I always loved that sly piece of direction, Dot turning to the audience, not out of desperation exactly, but perhaps out of a desire to be recognised, to be given the last word (which she eventually is, resurrected to make a case). She was solidified as the object of audiences’ intrigue and now she is the subject of their sympathy - Dot is not paper fine but weighed down by disappointment. Her turn is a distillation of the musical's ethos, a wonderfully astute observation on the difference between seeing and understanding. James Lapine’s piece of direction animates the gendered implications of being a voiceless muse, forcing the audience to confront the way they have been watching the musical and more specifically, her.

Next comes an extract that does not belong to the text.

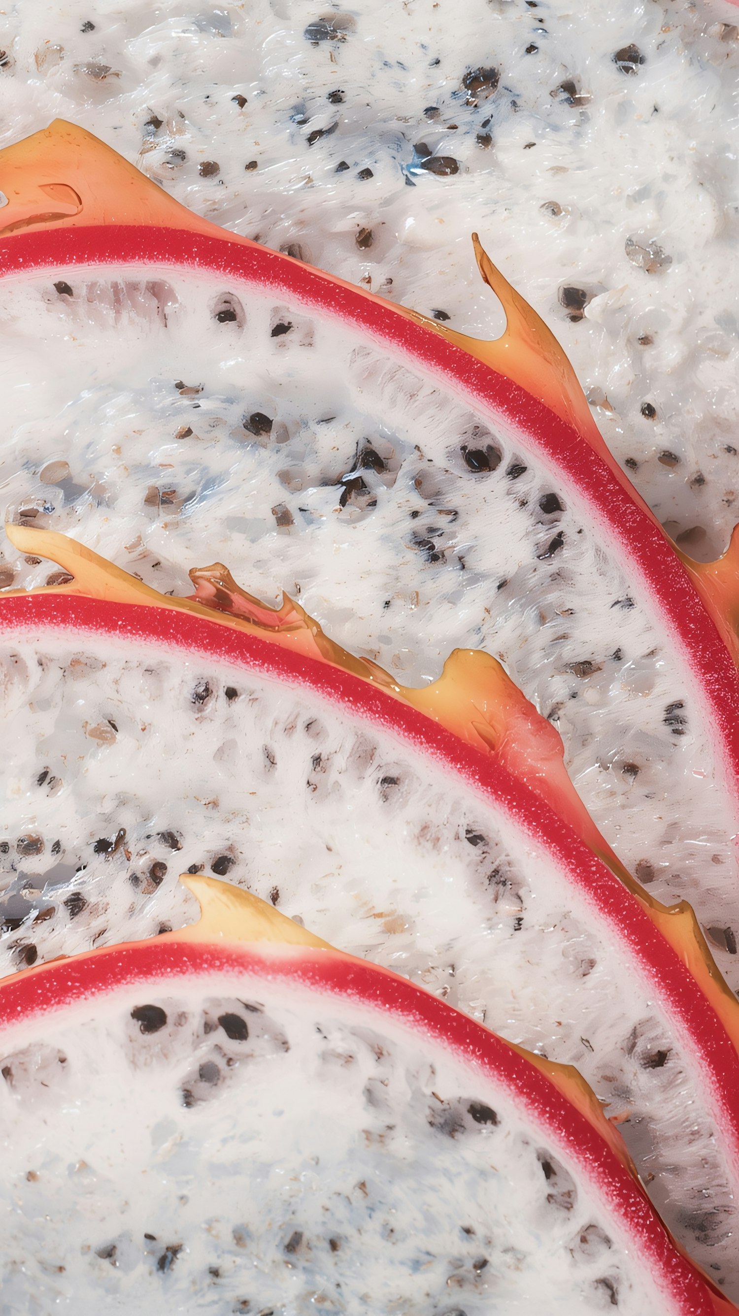 Close-up of sliced dragon fruit with vibrant red skin and white flesh speckled with black seeds, showcasing its fresh and juicy texture.

But it is Sondheim who skillfully traces the threads of disagreement that are woven through this argument. They are both grieving, mourning the ineffable feelings that are going unheard. There is nowhere to go, their desire and disgust rooted in unlivable love. Initially the song is a volleying of declarations, “I” being thrust forward with no attempt to integrate the other person, they wrap themselves up in mutual disgust, the all-consuming desire to be known being snuffed out. To quote another Sondheim musical: “everybody makes one another’s terrible mistakes.”
Indeed, those lines, from ‘No One is Alone’ - the emotional climax of the unrelenting second act of Into the Woods, carries Sondheim’s unwavering empathy, this willingness to extend understanding to every party in a disagreement. An inferior musical would have used this number to deliver a lesson on self-belief, to be courageous in the blandest, most individualist sense. Instead, it is a pause, a lesson in honesty. In these final moments, the last remnants of fairytale are upended, Sondheim understands that the idea of a villain is self-constructed and ultimately self-defeating. It’s the truth that he has been toying with ever since he agreed to write the lyrics for West Side Story.
A few months before his death, in an interview for the New Yorker, D.T. Max asked Sondheim “For you, which comes first, the music or the lyrics?” In response he answered, “Oh, they come together.” It’s an unremarkable comment, a slight aside, but it highlights his power as a composer, his ability to fold a show in on itself, forcing the characters to look inward, balancing every note and lyric against its counterpart. Sometimes that is just in the clever construction of a sentence, (“just remembering you’ve had an and when you’re back to or, makes the or mean more than it did before” from Into the Woods,) or profound in its internal logic, (“being sure enough of you makes me sure enough of me” from Anyone Can Whistle). Musical theatre is frequently mocked for its obviousness, manipulating music to elicit some desired feeling, but with a Sondheim show, everything feels earned, nothing feels incidental, the music and lyrics arrive in tandem or not at all.
Good art makes you think you have seen something new, but great art reveals life’s interconnectedness, claiming to be the newest phrase in a long conversation. There were so many more examples I wasn’t able to touch on, the sly “I wish” refrain from Into the Woods, the way actions ripple out in Sweeney Todd sweeping everyone away in a wave of consequences, ‘A Boy Like That - I Have A Love’ from West Side Story, the finale of Road Show. Every time I listen to his music or watch one of his shows, I feel buried in the experience, small and close to the wide, twisted expanse of the world.